What really got her attention was the children suffering from epilepsy who were finding relief and improvement in their condition from taking CBD and yet the government persisted in banning it.
She says: “We were motivated by listening to parents. It was working but neither the Irish nor UK governments would grant licences.” Some of the parents were forced to sell up and move to Holland.
Now it is possible to get CBD on prescription but – and it’s a very big but – there is only one licensed producer in this country and the price means that the NHS severely limits the number of children who can have it. McCoy is a straight-shooter when it comes to the industry. She accuses pharma companies of being greedy: “We know how much it costs to make. We know how cheap the raw material is. My view is that they’ve made it inaccessible.”
She says CBD should be licensed for the treatment of pain and anxiety too: “It’s a much better alternative to opioids because it’s non-addictive.”
She insists on the difference between cannabidiol and tetrahydracannabidol – THC – the psychoactive component of cannabis that might have a separate role in medicine. She says: “People in government are ignorant of the distinction: they need to educate themselves.”
You don’t smoke Pureis. Their CBD is a food supplement taken either as a capsule or in liquid form and it’s already sold here (at Boots and Holland & Barrett) and in the US. It’s backed by clinical studies and ticks all the health safety boxes and has received the Novel Food validation from the EU and the UK.
Chanelle says: “There are a lot of cowboys, 55 percent of the products on the UK and Ireland markets have illegal levels of THC.”
The Pureis cannabidiol is not, in fact, extracted from cannabis: it’s produced purely synthetically, in a way that mimics the chemical structure of the therapeutic part of cannabis. The advantage of doing it this way is that you don’t accidentally pick up a certain amount of THC to go along with it. They guarantee not just zero THC but no toxins or pollutants of any kind – hence the name. Maybe they could have called it the Real McCoy.
Ultimately, Chanelle’s ambition is to market CBD as a high-dosage medicine as well as a low-dosage food supplement. She agrees that solving people’s problems is a good way of making money but, then again, she has enough money and it’s more about making the right product available to the greatest number. She says: “For us, it’s values before dollars, not the other way round.”
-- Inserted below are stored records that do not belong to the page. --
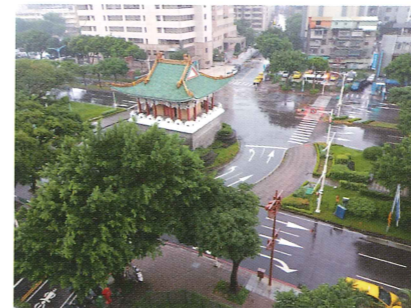
演習時路上禁止人車通行

國慶日的國軍表演可視為是一種軍事演習，我們平常生活中也會遇到其他軍事演習，教師可利用手機或電腦播放萬安演習警報，和學童討論對萬安演習是否有任何相關印象（播放警報、馬路上沒有車輛行駛、行人要躲進建築物、室內要熄燈等），目的是躲避炸彈空襲，是「防空」演習。
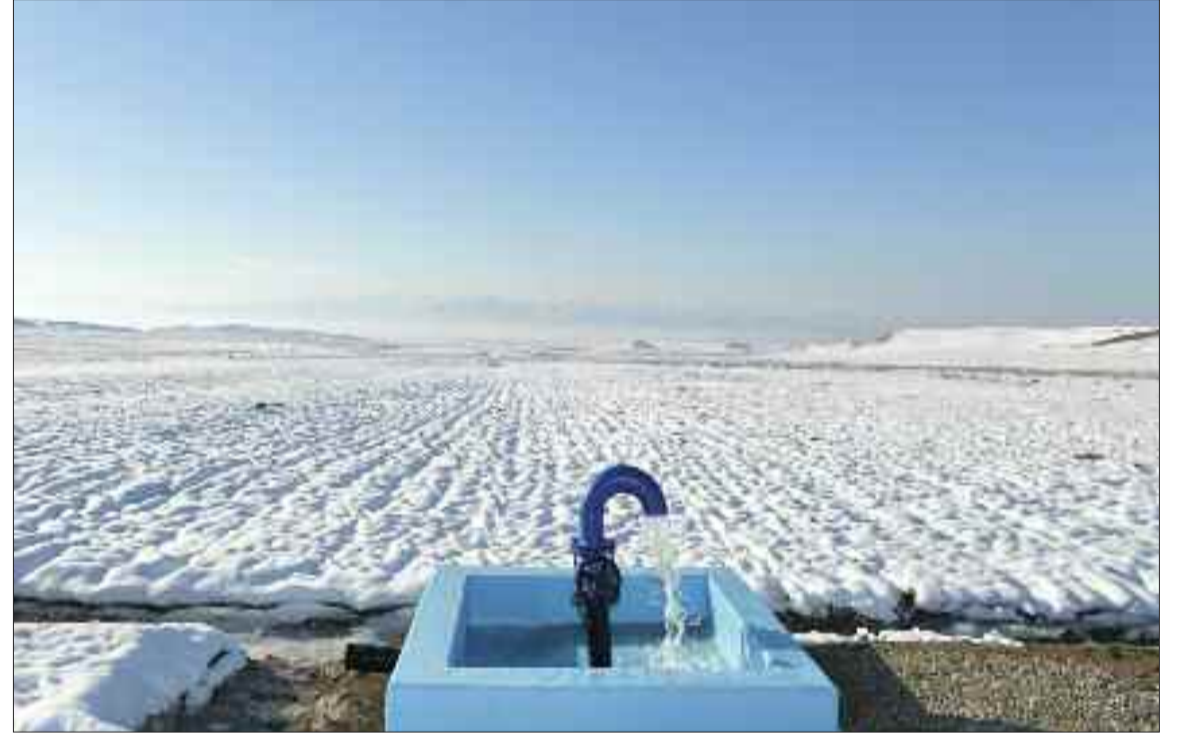
Vayxır sol sahil suvarma və drenaj şəbəkəsi
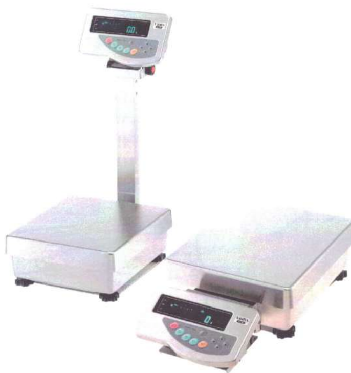
Рисунок 1 - Общий вид весов неавтоматического действия Н1

Принцип действия весов основан на преобразовании частоты вибрации акустического весоизмерительного датчика, возникающей при его растяжении или сжатии под действием взвешиваемого груза, в цифровой электрический сигнал, изменяющийся пропорционально массе взвешиваемого груза. Результаты взвешивания выводятся на дисплей.
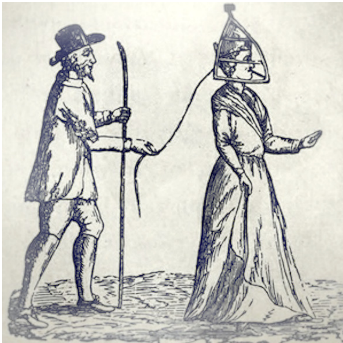
Женщина в маске позора

Маска позора как орудие пыток была изобретена в XVI веке в Великобритании.
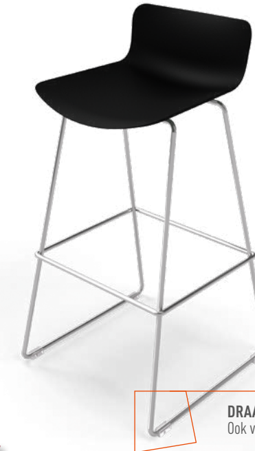
DRAADFRAME Ook verkrijgbaar in zwart
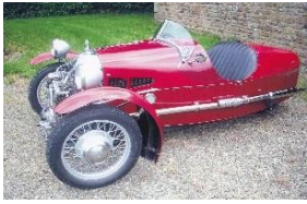
MORGAN MX4 SS 1934 - FR - N° 138
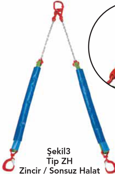
Şekil3 Tip ZH Zincir / Sonsuz Halat

BK model kanca polyester sonsuz halatlı kullanımlar için
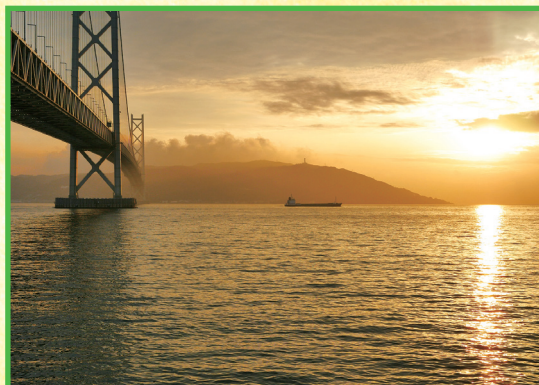
▲明石海峡大橋と夕日（高橋晃司会員）
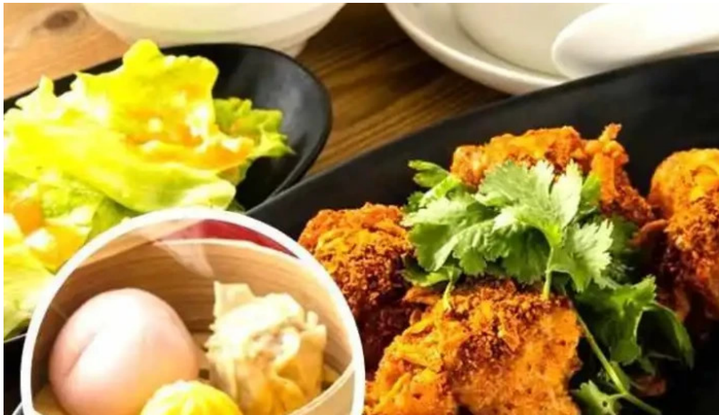
m k レストラン 伊都店 スープ
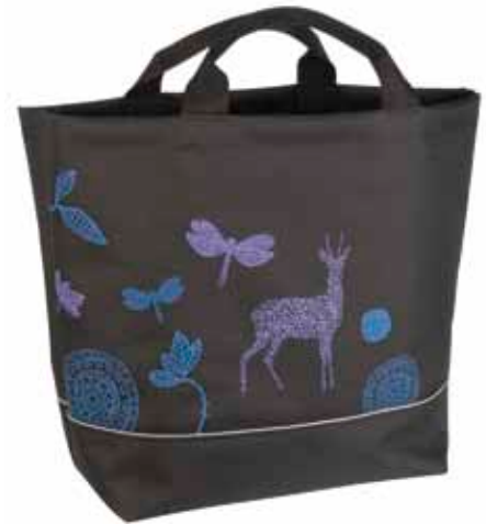
Ostokassi Tarina • 308-25-1
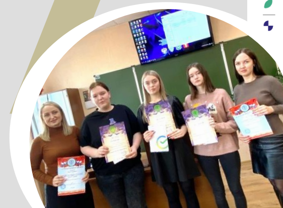
Конкурс профессионального мастерства «Лучший бухгалтер»

ПОТРАТЬТЕ ВРЕМЯ С ПОЛЬЗОЙ – СТРОЙТЕ КАРЬЕРУ!
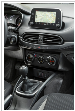
Fiat Tipo Kombi.
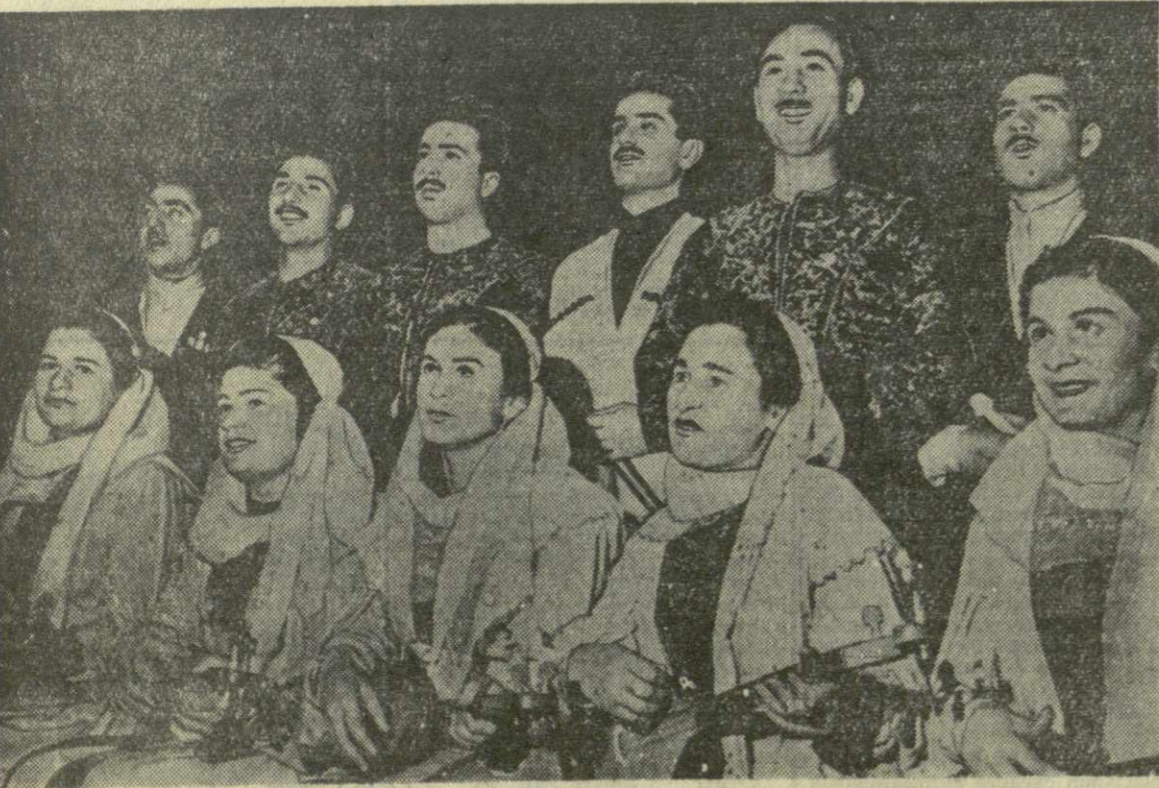
На снимке: солисты ансамбля песни и пляски Горьковского хлопчатобумажного комбината исполняют грузинскую народную песню.

В итоге четырехдневных состязаний первое место заняли борцы РСФСР. На втором месте спортсмены Украины. Прогресс борцам Белоруссии и РСФСР, несмотря на сегодняшние победы, отнюдь не команду Грузии на третье место. Филиновская — Канабадзе 1. f4 e5 2. b3 d5 3. Cb2 Cf5 4. e3 Kf6 5. Kf3 h6 6. Cb5+ Kf1—d7 7. C:d7 K:d7 8. d3 e6 9. Fe2 Cg4 10. Kb—d2 Fe7 11. g3 0—0 12. 0—0 16 13. h3 Ch5 14. g4 Cf7 15. h4 Cd6 16. Ld—g1 e5 17. f5 Fa5 18. Kpb1 h5 19. e4 be 20. de e4 21. Ke1 Ce5 22. e2 C:d5 23. Kc4 C:e4 24. Fe:c4 C:b2 25. Kp:b2 Ke51 26. Fe6+ Kpb2 27. b4 cb 28. Ke2 Ld2 29. Ld1 Fa3+ 30. Kpb1 L:e2 31. Kp:c2 Fe3+ 32. Kpb1 Kc4 белые сдались. К. ГОГИВА.

She argues that the fact that CBD helps to reduce inflammation means that it can have a positive impact on a whole range of different conditions, including notably insomnia and fibromyalgia. Clinical studies continue but she says: “We hope to be the second in the world to get it registered as a medicine.”
In 2015, in the wake of the success of her pharmaceutical business in Ireland, McCoy was invited to become the third female Dragon on the Irish Dragons’ Den. She says she had one golden rule: “Never invest in a business you know nothing about.” She was tempted once to go against her own advice by a gaming venture but she held out. Fortunately, the stuff she does know about still leaves her with a lot of options.
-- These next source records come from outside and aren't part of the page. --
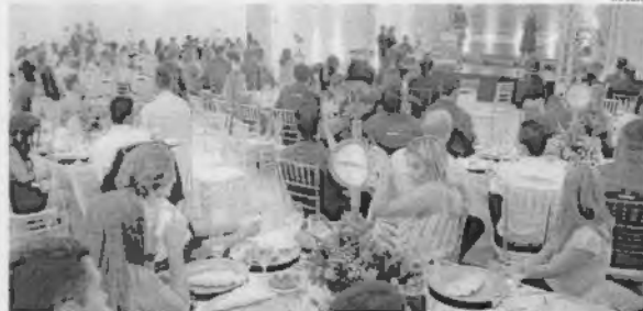
Momento da cerimônia de entrega do prêmio no ano passado reuniu representantes de empresas

De acordo com o GPTW, inspiração de funcionários, espaço para se desenvolver boas relações pessoais e profissionais, comuni-
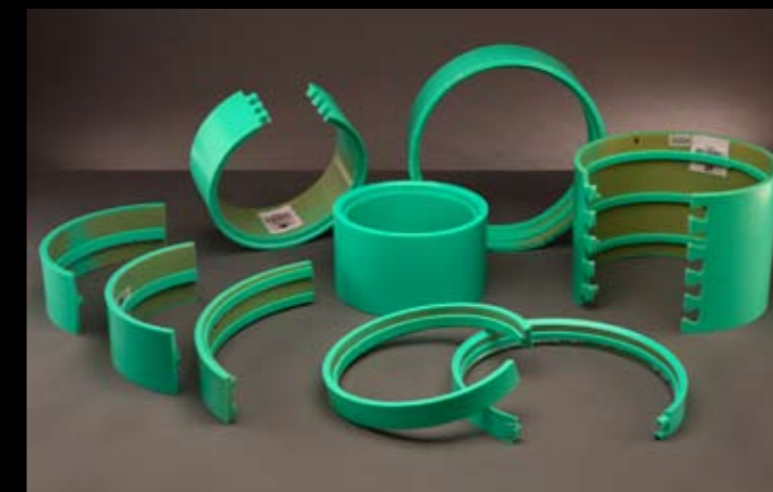
BANDAS POLIURETANO ESPECIALES PARA DIFERENTES TIPOS DE SOPORTE
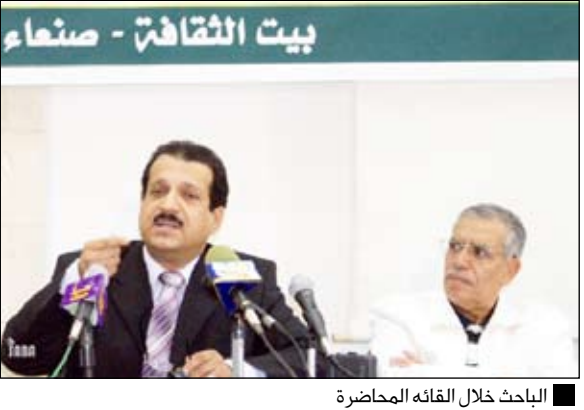
الباحث خلال القائه المحاضرة

خلال متابعته لمسار الملك عبدالعزيز في تأسيس وتوحيد المملكة العربية السعودية ما جعله مؤهلاً لبناء اللبننة الأساسية لوحدة الأمة من خلال توحيد الجزيرة العربية ودعوته للإمام يحيى آنذاك إلى التحالف بين اليمن والسعودية على طريق تحقيق الوطن الكبير من ربي آل سعود في تأسيس وتوحيد المملكة العربية السعودية ما جعله مؤهلاً لبناء اللبننة الأساسية لوحدة الأمة من خلال توحيد الجزيرة العربية ودعوته للإمام يحيى آنذاك إلى التحالف بين اليمن والسعودية على طريق تحقيق الوطن الكبير من ربي

But she comes back to the question of getting CBD to the maximum number of possible beneficiaries. One thing that is going to help Pureis is having some well-known faces as brand ambassadors, including actor Martine McCutcheon, who suffers from fibromyalgia and chronic fatigue syndrome, Mike Tindall from the realm of rugby, who must have a few aches and pains, and finally Sir AP McCoy himself – 20 times a champion jockey and 700 times a casualty. I imagine Mr McCoy might have found it hard to turn down Mrs McCoy.